Excerpted data:
● ● ● ● ●
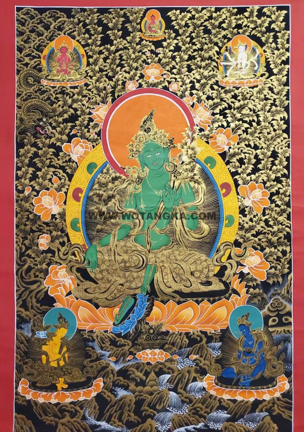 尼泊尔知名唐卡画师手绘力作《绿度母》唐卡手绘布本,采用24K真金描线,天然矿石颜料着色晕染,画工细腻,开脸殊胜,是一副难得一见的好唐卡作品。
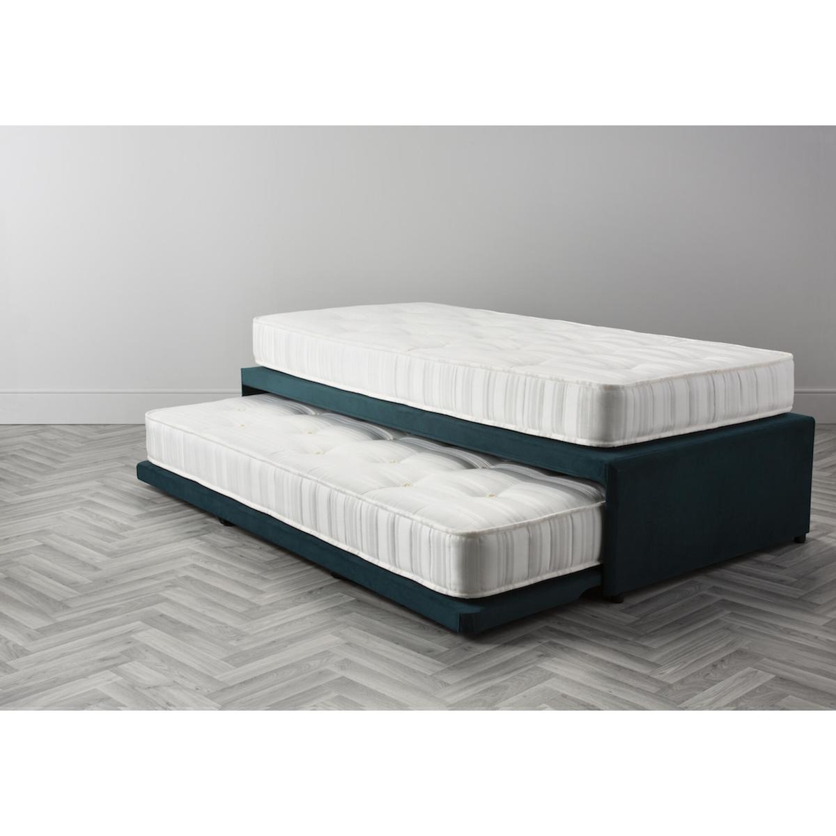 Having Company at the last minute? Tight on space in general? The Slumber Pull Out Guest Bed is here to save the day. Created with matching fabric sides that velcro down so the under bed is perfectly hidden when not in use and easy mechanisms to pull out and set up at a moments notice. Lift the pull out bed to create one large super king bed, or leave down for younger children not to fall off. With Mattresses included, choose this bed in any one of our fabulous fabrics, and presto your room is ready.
● ● ● ● ●
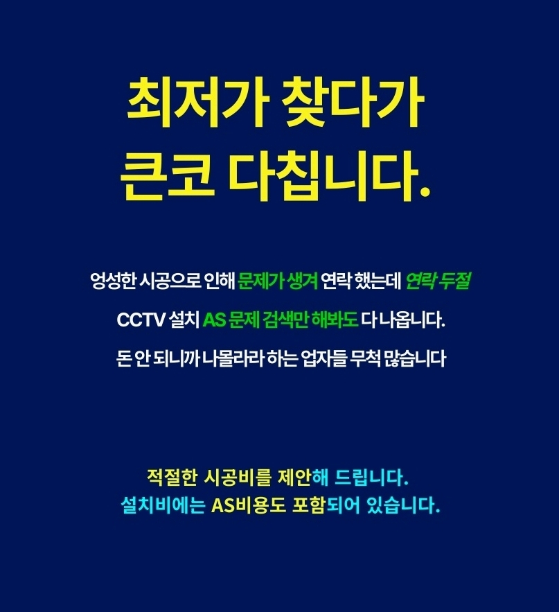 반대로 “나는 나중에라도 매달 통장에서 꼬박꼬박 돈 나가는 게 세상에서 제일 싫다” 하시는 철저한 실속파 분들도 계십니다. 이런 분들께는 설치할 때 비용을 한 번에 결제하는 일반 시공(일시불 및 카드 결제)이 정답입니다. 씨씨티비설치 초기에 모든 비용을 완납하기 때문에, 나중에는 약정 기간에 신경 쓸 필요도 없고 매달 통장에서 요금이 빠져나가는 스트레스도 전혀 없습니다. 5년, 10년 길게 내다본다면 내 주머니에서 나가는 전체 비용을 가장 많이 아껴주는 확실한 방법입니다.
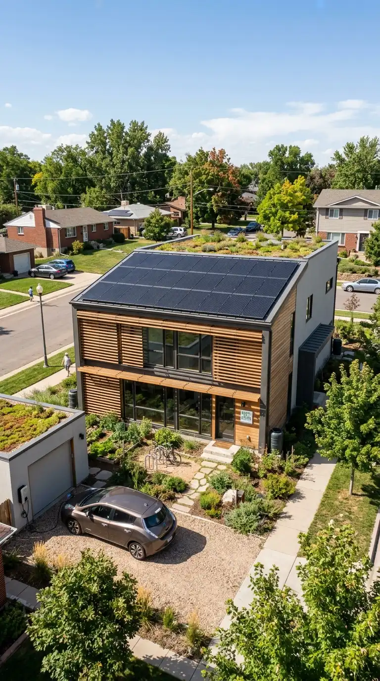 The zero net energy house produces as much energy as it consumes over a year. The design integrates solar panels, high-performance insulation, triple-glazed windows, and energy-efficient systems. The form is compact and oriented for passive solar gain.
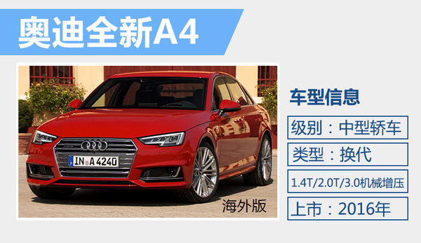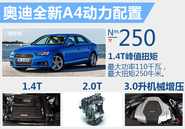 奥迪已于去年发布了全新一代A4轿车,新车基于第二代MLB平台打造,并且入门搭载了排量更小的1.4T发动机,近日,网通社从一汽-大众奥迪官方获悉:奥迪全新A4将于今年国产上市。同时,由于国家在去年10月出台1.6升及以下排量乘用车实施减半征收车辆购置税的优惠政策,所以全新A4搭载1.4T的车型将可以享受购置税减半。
● ● ● ● ●
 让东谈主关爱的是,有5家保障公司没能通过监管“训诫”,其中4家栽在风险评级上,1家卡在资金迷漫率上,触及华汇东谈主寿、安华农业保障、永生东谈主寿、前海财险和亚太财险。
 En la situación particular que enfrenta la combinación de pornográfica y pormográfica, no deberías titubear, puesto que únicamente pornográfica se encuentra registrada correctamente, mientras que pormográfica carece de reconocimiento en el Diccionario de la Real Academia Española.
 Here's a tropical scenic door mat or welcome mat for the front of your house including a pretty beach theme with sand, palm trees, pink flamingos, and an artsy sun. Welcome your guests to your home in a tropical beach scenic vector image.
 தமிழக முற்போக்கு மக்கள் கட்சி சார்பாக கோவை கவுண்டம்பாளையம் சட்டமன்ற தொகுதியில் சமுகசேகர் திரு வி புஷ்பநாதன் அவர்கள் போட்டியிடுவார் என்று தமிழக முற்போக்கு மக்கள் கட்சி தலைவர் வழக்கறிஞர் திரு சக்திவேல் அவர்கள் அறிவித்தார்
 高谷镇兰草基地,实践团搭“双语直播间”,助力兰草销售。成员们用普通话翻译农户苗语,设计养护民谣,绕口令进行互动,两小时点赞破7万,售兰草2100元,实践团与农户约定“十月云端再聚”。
● ● ● ● ●
Exercise goal:
Write out exactly the run of lines above that starts at the line containing "The zero net" and ends at the line containing "奥迪已于去年发布了全新一代A". Include both, and leave the pictures out.

Solution for this task:
 The zero net energy house produces as much energy as it consumes over a year. The design integrates solar panels, high-performance insulation, triple-glazed windows, and energy-efficient systems. The form is compact and oriented for passive solar gain.
 奥迪已于去年发布了全新一代A4轿车,新车基于第二代MLB平台打造,并且入门搭载了排量更小的1.4T发动机,近日,网通社从一汽-大众奥迪官方获悉:奥迪全新A4将于今年国产上市。同时,由于国家在去年10月出台1.6升及以下排量乘用车实施减半征收车辆购置税的优惠政策,所以全新A4搭载1.4T的车型将可以享受购置税减半。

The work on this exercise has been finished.